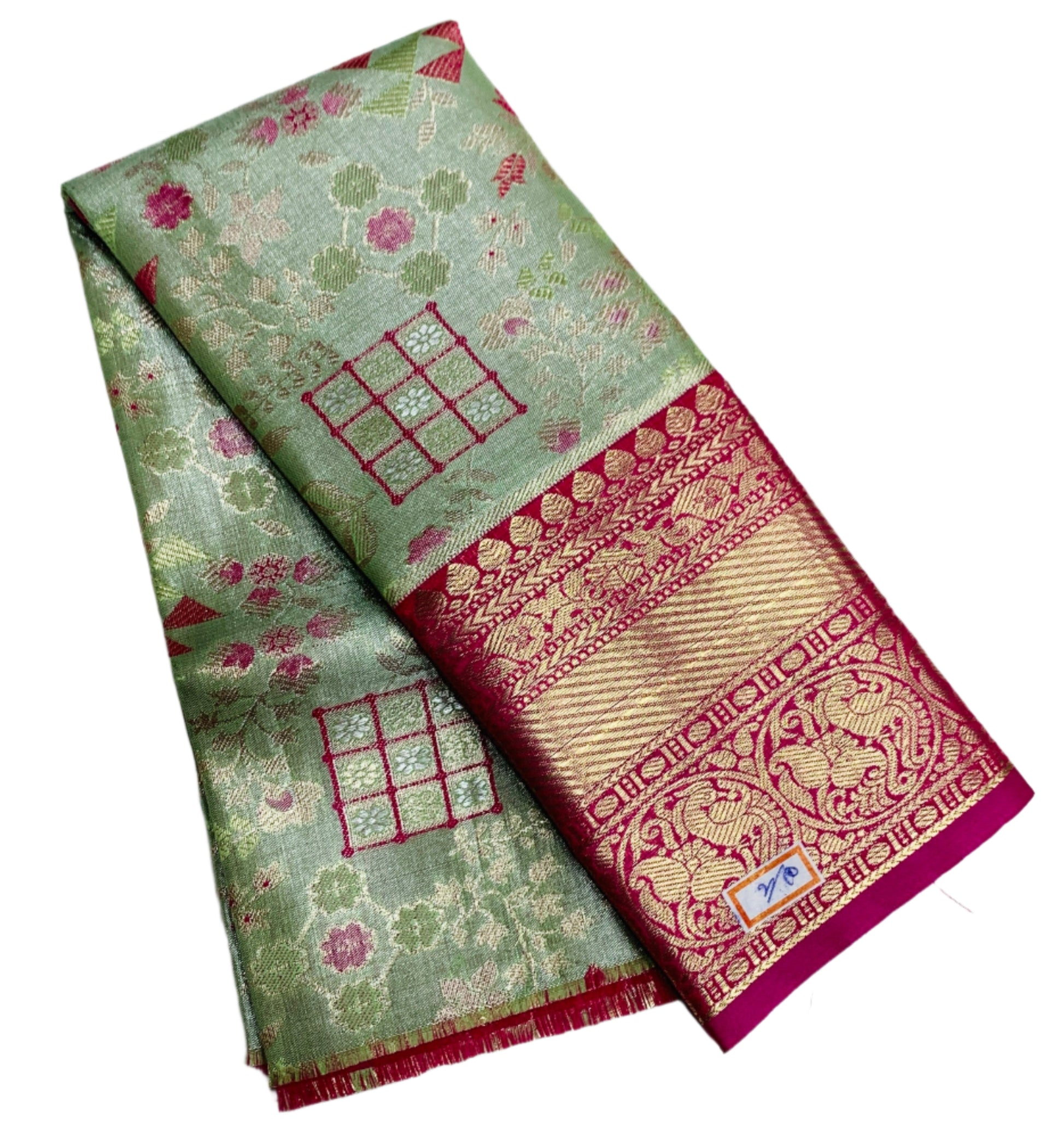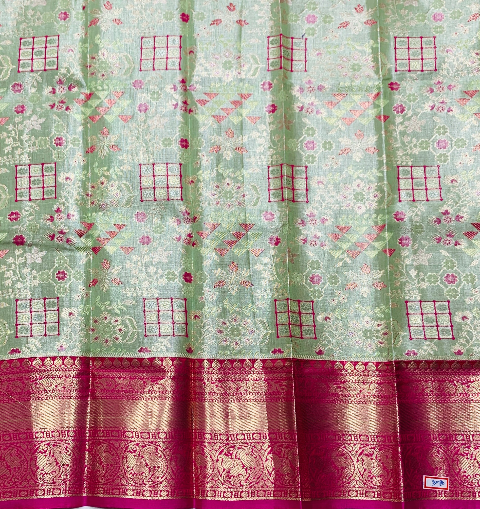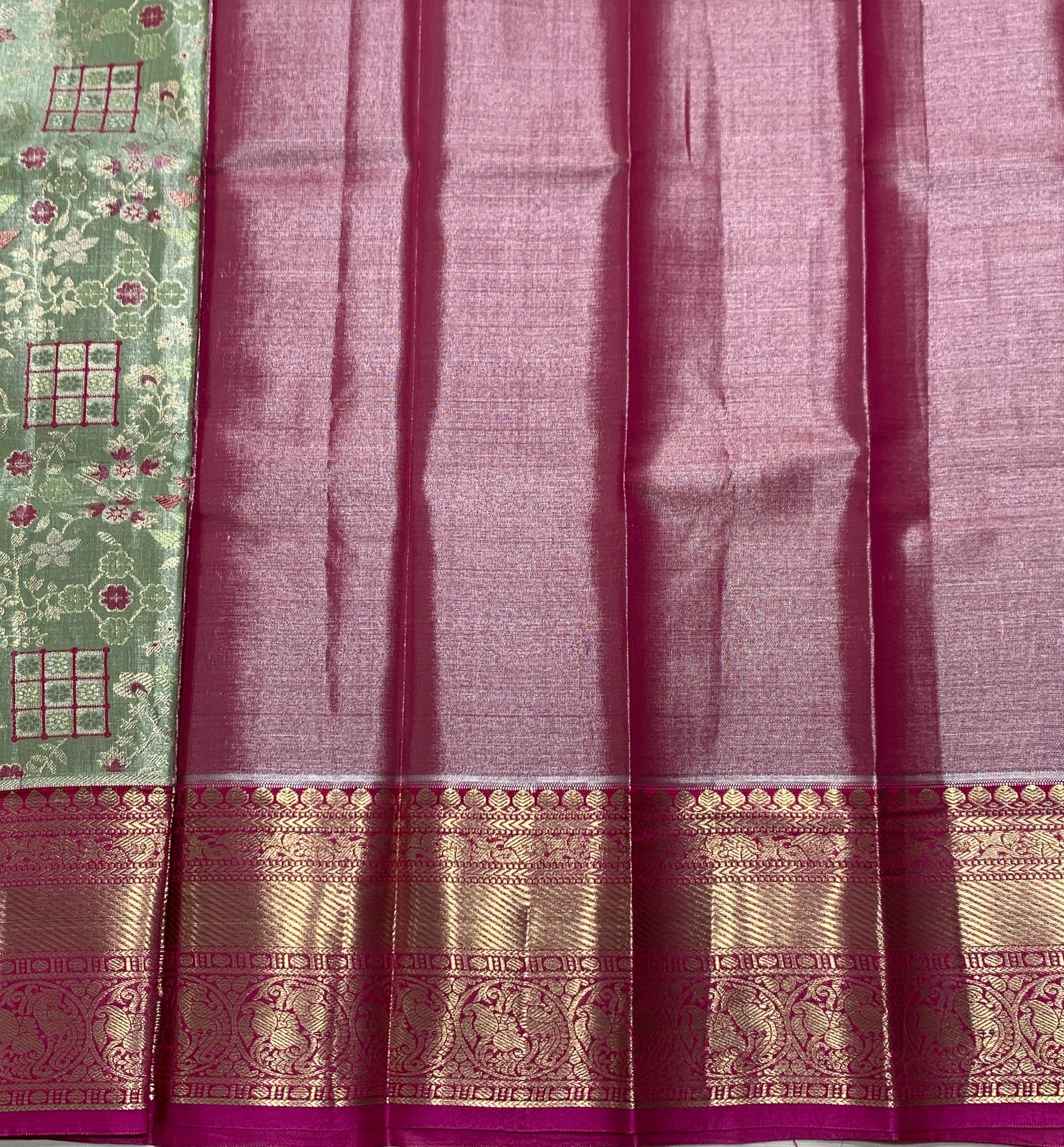 Light Pista Green Shade Vegan Silk Kids Pattu Pavadai with Contrast Border unstitched Pattu Pavadai material for kids for age newborn to 2 Years
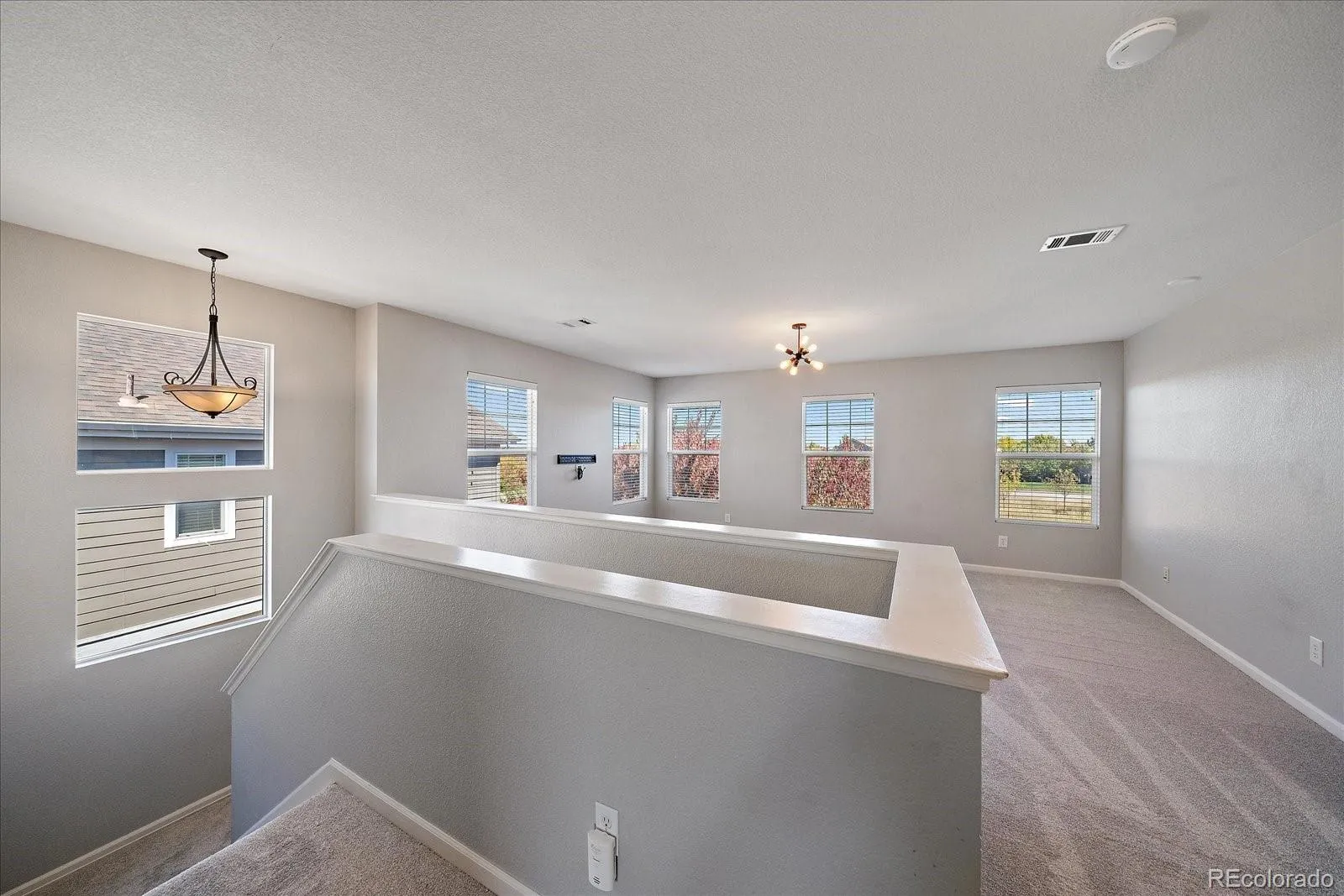 Upstairs, the primary suite offers a retreat with a soaking tub, dual vanities, tile flooring, and a generous walk-in closet. The secondary bedrooms won’t disappoint either with lots of light and walk-in closets. The full hall bath has been refreshed with dual sinks and updated tile. A bright loft area provides a flexible space with plenty of natural light and views.
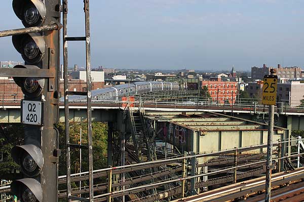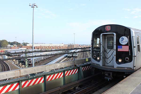 | Et L-tog holder på Broadway Junction og sætter passagerer af, før det fortsætter mod Manhattans 14th. Street. Netop denne subway station udmærker sig ved at have en enormt net af højbaner, sammenflettet med et depot, der i de stille dagtimer gemmer en masse togsæt til myldretidstogene på linje Z. |

-- -- --

» What you should do: Word for word, retype all of the data above, but include no pictures.

» Completed task:
 Light Pista Green Shade Vegan Silk Kids Pattu Pavadai with Contrast Border unstitched Pattu Pavadai material for kids for age newborn to 2 Years
 Upstairs, the primary suite offers a retreat with a soaking tub, dual vanities, tile flooring, and a generous walk-in closet. The secondary bedrooms won’t disappoint either with lots of light and walk-in closets. The full hall bath has been refreshed with dual sinks and updated tile. A bright loft area provides a flexible space with plenty of natural light and views.
 | Et L-tog holder på Broadway Junction og sætter passagerer af, før det fortsætter mod Manhattans 14th. Street. Netop denne subway station udmærker sig ved at have en enormt net af højbaner, sammenflettet med et depot, der i de stille dagtimer gemmer en masse togsæt til myldretidstogene på linje Z. |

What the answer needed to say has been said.